Set down the lines below exactly as they stand, please. Go from the first through the one containing "Perwakilan Pengambilan Sertifikat".

== Segment start ==

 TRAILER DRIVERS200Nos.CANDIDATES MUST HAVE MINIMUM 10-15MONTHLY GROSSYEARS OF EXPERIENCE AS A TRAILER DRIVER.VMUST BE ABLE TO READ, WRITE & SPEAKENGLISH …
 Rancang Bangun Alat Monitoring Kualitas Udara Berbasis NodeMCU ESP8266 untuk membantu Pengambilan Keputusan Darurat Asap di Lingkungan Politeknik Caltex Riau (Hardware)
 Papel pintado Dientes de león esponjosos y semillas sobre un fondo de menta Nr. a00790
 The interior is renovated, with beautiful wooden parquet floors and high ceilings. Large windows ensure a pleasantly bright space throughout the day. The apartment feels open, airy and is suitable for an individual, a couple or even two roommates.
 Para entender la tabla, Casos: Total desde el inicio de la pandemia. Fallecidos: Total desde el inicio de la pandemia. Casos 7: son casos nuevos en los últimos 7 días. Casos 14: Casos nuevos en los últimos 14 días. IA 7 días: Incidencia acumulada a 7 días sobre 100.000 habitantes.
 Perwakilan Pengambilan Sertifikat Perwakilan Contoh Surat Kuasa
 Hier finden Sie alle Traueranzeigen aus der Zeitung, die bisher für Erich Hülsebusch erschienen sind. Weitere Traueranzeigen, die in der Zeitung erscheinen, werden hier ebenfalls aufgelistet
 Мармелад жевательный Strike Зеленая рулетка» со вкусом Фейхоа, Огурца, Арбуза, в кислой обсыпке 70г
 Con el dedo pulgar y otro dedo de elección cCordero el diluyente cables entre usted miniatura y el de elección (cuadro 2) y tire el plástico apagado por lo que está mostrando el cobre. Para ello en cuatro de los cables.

== Segment end ==

■ Solution to this problem
 TRAILER DRIVERS200Nos.CANDIDATES MUST HAVE MINIMUM 10-15MONTHLY GROSSYEARS OF EXPERIENCE AS A TRAILER DRIVER.VMUST BE ABLE TO READ, WRITE & SPEAKENGLISH …
 Rancang Bangun Alat Monitoring Kualitas Udara Berbasis NodeMCU ESP8266 untuk membantu Pengambilan Keputusan Darurat Asap di Lingkungan Politeknik Caltex Riau (Hardware)
 Papel pintado Dientes de león esponjosos y semillas sobre un fondo de menta Nr. a00790
 The interior is renovated, with beautiful wooden parquet floors and high ceilings. Large windows ensure a pleasantly bright space throughout the day. The apartment feels open, airy and is suitable for an individual, a couple or even two roommates.
 Para entender la tabla, Casos: Total desde el inicio de la pandemia. Fallecidos: Total desde el inicio de la pandemia. Casos 7: son casos nuevos en los últimos 7 días. Casos 14: Casos nuevos en los últimos 14 días. IA 7 días: Incidencia acumulada a 7 días sobre 100.000 habitantes.
 Perwakilan Pengambilan Sertifikat Perwakilan Contoh Surat Kuasa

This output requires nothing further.